I helped myself to some post-run nutrition in the shape of some very nice “6” shaped shortbread cookies that somebody had kindly baked, whilst having a debrief with Daniel who had just dipped under 20 minutes with 19:54. The heavens then opened up for a torrential downpour that soaked everyone and everything. I truly felt sorry for the runners still out on the course, but even more so for the marshals and volunteers that would have to wait until the last runner had finished. To these people that lay on a free timed 5k for us each week, I tip my imaginary hat to you!

Take a look at the Garmin data here.

Bramley 20

For the full write-up of my Bramley 20 experience, please head over here.

Here’s this week’s entry from Mark Remy’s The Runner’s Rule Book:

Never leave a man behind…

Unless he insists he’s okay with it.

Even on group runs of just three or four people, sometimes one runner will fall off the pace and drift behind.
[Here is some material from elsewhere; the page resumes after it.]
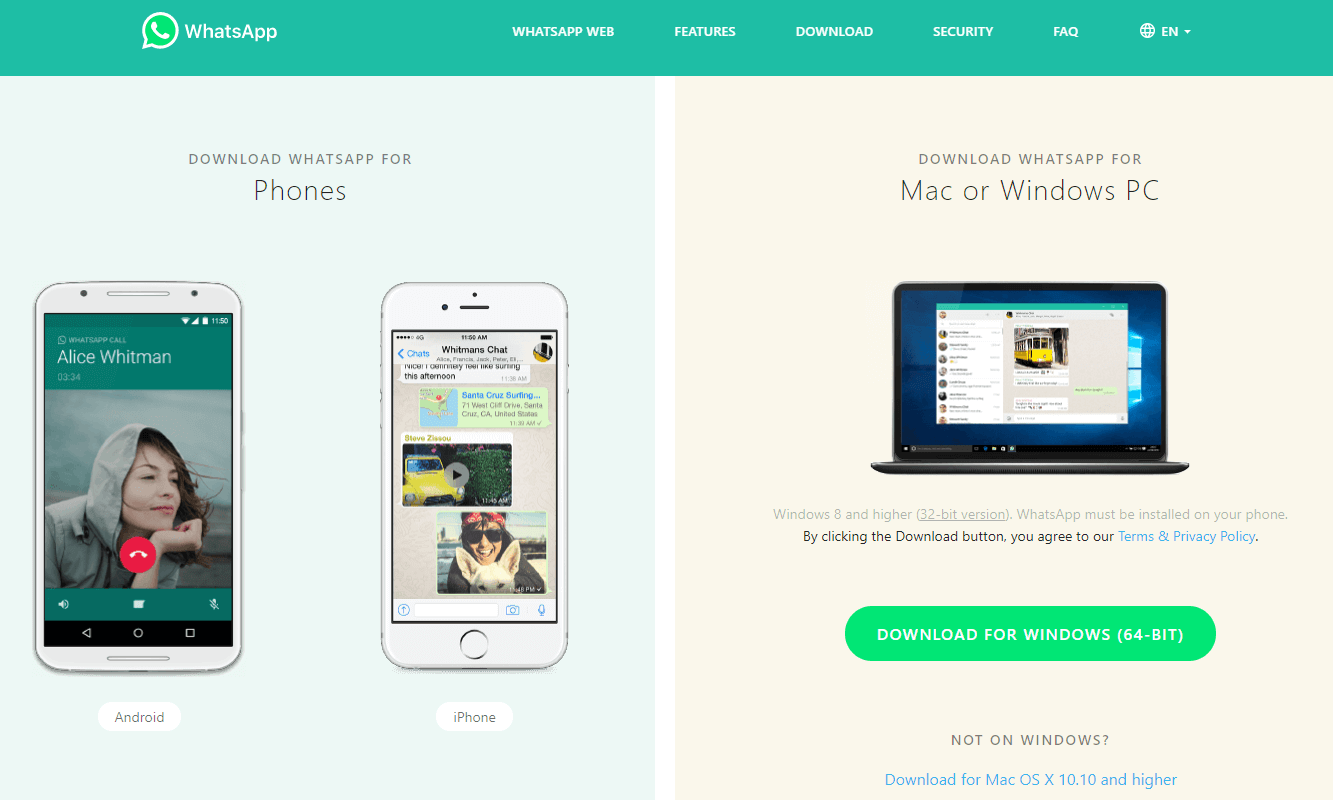 First you will need to download the WhatsApp PC client. There is a 64 bit and 32 bit version of the client available for Windows 8 and 10 users, so you need to choose the right one to download.

This may happen even if no one is particularly “pushing the pace” and even if the straggler doesn’t have a habit of telling knock-knock jokes (though this might increase his odds of being dropped).

This leaves the lead group with several choices.

A. Continue at their faster pace and leave the straggler to his own devices.

B. Slow down until the straggler until the straggler catches up, and then either:

1. Maintain this slower pace for the duration of the run.


2. Resume the previous,  and see if the straggler can hold on.

C. Send a delegate back to assess the situation and give the straggler a chance to say “You guys go ahead.”

D. Wait for a volunteer or volunteers to offer to join the straggler and finish the run with him, in effect splitting the group run into two (smaller group) runs.

Option A should never be realistically considered. Leaving someone behind without at least acknowledging the situation just ain’t right – even if he does have a horrible sense of humour.

Option B1 is nice, provided the new pace isn’t painfully slow and the remainder of the run isn’t too long; it is necessary if the straggler is the only one in the group who knows the way back.

B2 is acceptable if you know the straggler is a strong runner who likely just experienced a bad stretch and might consider a slower pace patronizing.

Options C and D are equally courteous and most likely to please the greatest number of people.

One corollary to this rule: it’s fine to ask once or twice if a straggler is okay or wants you to slow down for him. Asking three or more times, however, is more likely to annoy than to help. Take the straggler at his word and run accordingly.